Karaçomak deresinin akşamları ortaya çıkan o güzelim yeşil rengine inat göğe fırlayan ve patlayan alev topunu fotoğraflamak için özel çalışma yapıyorum.
Bu gün düne göre daha donanımlı geldim. Tripodumu yanımda getirdim.
Cevizli Park önündeki köprüye konuşlanıp beklemeye başladım.
Derken ilk havai fişeğin sesini duyunca hemen deklanşöre bastım.
Epey bir fotoğraf çektim.
Bunun için kuşlara mı teşekkür etsem belediyeye mi bilemedim.
Bu günün bilançosu şöyle,
Epey bir fişek harcanmasına rağmen iki tarafta zayiat vermediler şükür!
Kuşlar dolandı dolandı konamayınca bir yerlere gittiler.
Ağaçlar şimdilik boş.
Yarın ben yine orada olacağım.
Sığırcıkların inadını test ediyoruz.
Hep birlikte.

1 Aralık 2009 Salı

BU ŞEHRE SONBAHAR GELDİ
















Bu şehre sonbahar usul usul gelir.
Önce kara çomak üstüne sararmış bir yaprak düşer.
Sonra Onu diğerleri izler.
Hele Ilgaz’ın tepelerine kar yağmışsa bir gece aniden.
Tutulmaz olur o yapraklar.
Bir bir kara çomağın kucağında bulur kendini.
Yağmurlar yağar bu şehre sonbahar kokulu.
Yakalarını kaldırıp adımlarını hızlandıran kişiler görürüm geniş kaldırımlarda,
düşen yapraklara basıp geçerken
sonbahar kokulu bu yağmurlarda ıslanan.
Ve kambur köprünün tutsakları sonbaharda daha bir hüzünle beklerler.
Bir iş çıkacak diye bekleşenlerdir bu gönüllü tutsaklar.
Kale her daim rüzgârlıdır bu mevsim.
Dalgalanan nazlı bayrağın altında ne gam ne keder der gibidir.
Bu şehrin sokaklarına sonbahar gelir usul usul.
Her sabah yolumun üstündeki çınarlar ayaklarımın altına halı sererler yapraktan.
Ben yürürken o halının üstünde serin bir yel eser yüzüme.
Nasrullah’ta, Meydanda, oturamaz olmuşken masalarda,
Ben elimde makine dolanırım bu şehrin sonbahar kokulu sokaklarında.…
Düşen her yaprak hayattan çalınmış bir yudum mutluluktur.
Ta ki yere düşene dek.
O kısacık anda yaprak özgürdür.
Savrulsa da esen yelde ne gam ...
Bir kerecik olsa da özgürdür.
Şimdi bu şehirde sonbahardır.
Ben de bu şehrin yüzlerce çınarının binlerce yaprağından biriyim.
Düştüm düşeceğim diye bekliyorum.
O bir anlık özgürlüğü bekliyorum.
Belki düşerim kaldırımlara çiğnenirim.
Belki düşerim kara çomağın kucağına alır götürür beni uzaklara.
Bilmiyorum.
Bekliyorum.
Bu şehre sonbahar geldi.

27 Kasım 2009 Cuma

KASTAMONU AŞKINI KİMLERE SORAYIM
































































































































































































Aşkın hikâyesini durmaksızın feryat eden bülbüle değil,
Sessiz sedasız can veren pervanelere sor demişler.

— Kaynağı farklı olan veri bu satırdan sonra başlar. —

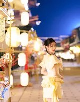 毛晓彤在镜头前的表现力也为这组作品注入了灵魂。她并未刻意摆出疏离的古典姿态,而是将现代女孩的活泼灵动自然融入古风情境。照片捕捉到了她许多生动的瞬间:看到新奇灯饰时睁大的双眼、品尝小食时满足的偷笑、穿行人群中回眸寻找镜头的俏皮,以及静静赏灯时那片刻的宁静与温柔。这种真实而生动的情绪流露,打破了时空的隔阂,让观者不仅能欣赏到一幅美丽的古风画卷,更能感受到画中人鲜活的生命力与游玩的乐趣,产生了强烈的代入感与共鸣。

Kastamonu Çatalzeytin yolunda yaralı gözün zirvesindeyim. Kar yağıyor inceden. Devrekaniden beri devam eden yağmur yukarılara çıktıkça önce sulu sepkene daha sonra kara dönüşüyor. Ağır ağır iniyorum asırlık çamların yeşiline inat çamurun kahverengisiyle kaplanmış yoldan.
“Yaralı gözün zirvesinde bu günlerde yoğun bir çalışma var. Yol genişletme için yapılan çalışmalar sürücülere hayli zor anlar yaşatıyor. O yolu kullanacakların dikkatli olmalarını öneririm.”
Çatalzeytin’e, Bozkurt’a Abana’ya giderken yaralı gözün zirvesinde mola verdiğim ve bir bardak çay içtiğim gözleme yediğim küçük kulübeler kapanmış. Sebebi ise gelen kış ve inşaat çalışmaları diyorlar.
Yol kenarında dumanı tüten bir yer var. Sevinip hemen kenara çekip içeri giriyorum.
Naylon tavanlı derme çatma bir yer. Bu tavanın üstüne kar, yağmur taneleri tıpır tıpır dökülüyor. Üç beş sandalyesi bir masası bir de gürül gürül yanan odun sobası var.
İçeride iki kişi var. Biri çay ocağının sahibi, diğeri önüne aldığı bir sepet kanlıca mantarını satmaya çalışan Kemal Dayı.
Bir de kedi var gelen müşterileri karşılayan onların ayakları etrafında dolanan mırlayan siyah bir kedi.
Soba gürül gürül yanıyor. Kedi etrafta dolanıyor.
Kemal Dayı Devrekâni’nin Kuz köyündenmiş. Yetmiş yaşında olmasına rağmen oldukça dinç görünen ve dağlarda topladığı mantarları satarak geçimine katkıda bulunmaya çalışan bir köylü.
Yaralıgözün dağlarında yetmiş yıldır dolanan bir gezgin olan Kemal Dayı. Her çalıyı, her ağacı bilen kısaca mantarı aramayan onu eliyle yetiştirmiş, ekmiş gibi bilen bir doğa dostu.
Bir pervane gibi sessiz sedasız ışığa koşanlardan.
Kastamonu’ya bu topraklara aşkını feryat figan yaşamayanlardan.
Yıkılan her ağaç için üzülen, yeşeren her fidan için sevinen bir doğa dostu.
Yetmiş yıldır bu toprakların bu ormanın ekmeğini yiyip, suyunu içen havasını soluyan ormanla birlikte yaşayıp birlikte yaşanan bir doğa dostu.
Motosikletiyle her gün geçtiği bu yoldan sessiz sedasız ormana doğru koşan bir pervane.
Bülbül gibi Feryat figan etmese de Kastamonu aşkını, doğa aşkını en iyi bilenlerden.
Nedir bu aşk diye sorarsanız;
—Yıllardır bu dağlarda gezerim, ne o dağda yaşayanlar bana zarar verdi ne ben onlara. Kardeşçe yaşadık yetmiş yıldır.

Belki de bir ömür doğayla barışık yaşamanın özetiydi bu sözler.
Bu günlerde Kastamonu’da baraj çalışmaları gündemde.
Yapılsın mı yapılmasın mı tartışılıyor.
Uzmanların görüşünü dinledim bu hafta sonu.
Kemal Dayı ise;
—Yetmiş yıldır yaşadığım dağlardan bir zarar görmedim, O’na da bir zarar vermedim. diyerek konuyu özetliyor.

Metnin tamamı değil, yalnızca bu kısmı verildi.